CSIRO is also working on a number of research projects to better understand the relationship between solar power, storage and the grid. The projects are concentrated in remote communities, where power prices are highest and power quality is lowest. One such project, called Plug and Play (PnP), is motivated by improving understanding of solar generation forecasts in order to reduce spinning reserve, i.e. diesel generators, or replace it with energy storage.
CSIRO is undertaking the A$2.9m ($2.8m) project with ABB Australia and the U.S. National Renewable Energy Laboratory (NREL). The first phase of the project will involve the development of the technology; the second phase will see pilot systems set up in both the United States and Australia.
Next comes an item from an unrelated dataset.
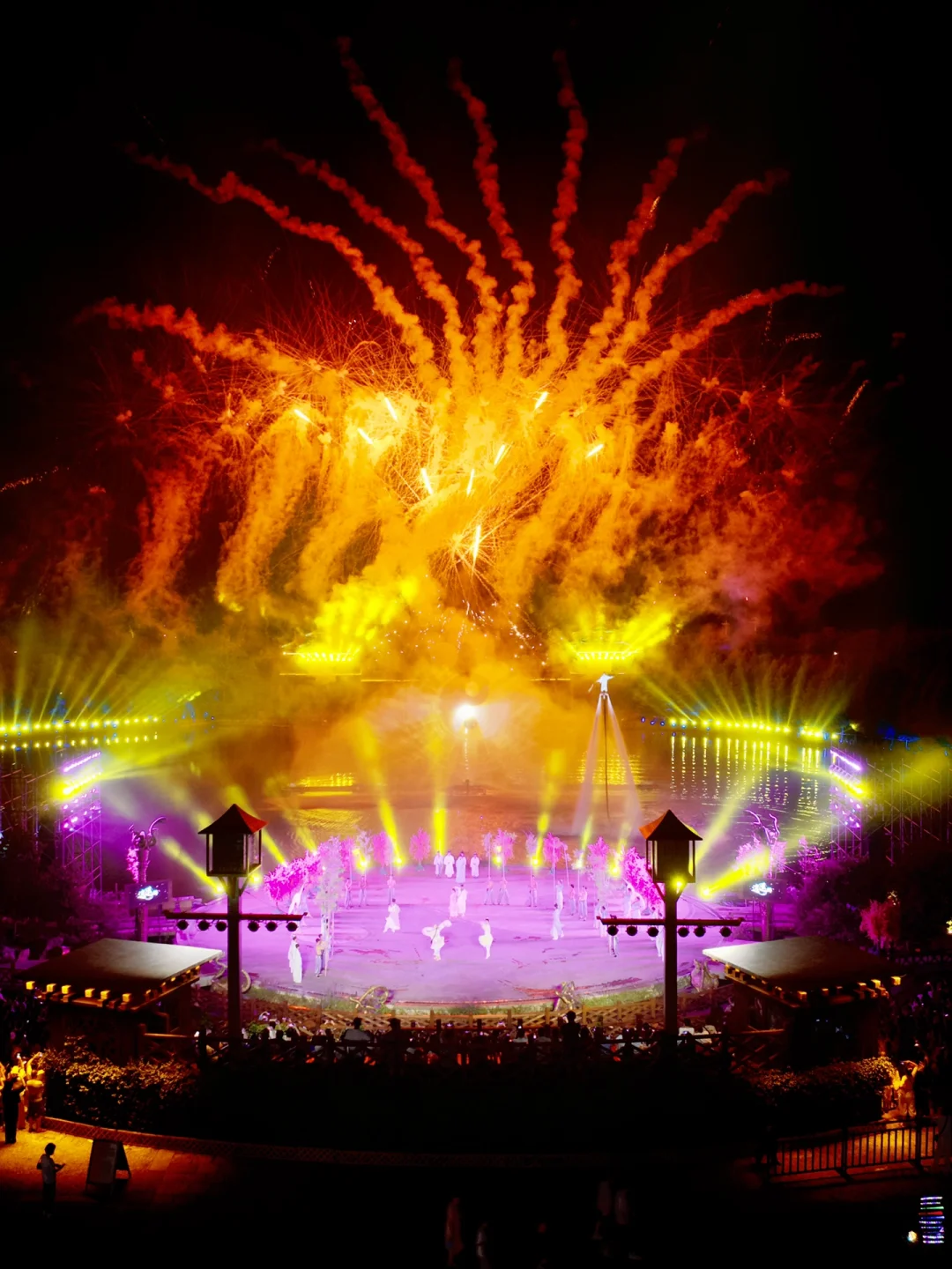 4⃣️逍遥游,太极广场的山水实景秀,(需提前预约,20:15首场烟花秀收费,21:00场无烟花免费),座位先到先得,烟花在场外也能看到~

Users will be able to “plug” in the generation sources and the system will “play,” i.e. work out which source to use based on programmable parameters, such as maximising power availability, minimising diesel usage or lowering maintenance costs. In essence, PnP will make the decision when to schedule the diesel generator, when to use solar energy and when to charge the batteries.
Dr. Ward says forecasting is crucial to the process. “The better we can improve load and generation forecasts the better we can improve the energy management system, i.e. the batteries,” he said.
Ward adds PnP will be a useful tool for microgrid project developers who want an out-of-the-box solution rather than custom-made hardware and software for each installation.
“As the electricity grid evolves to have more interplay beteen consumer demand and resource availability, there’ll be a role for PnP-type systems to become mainstream in every part of the electricity grid,” he noted.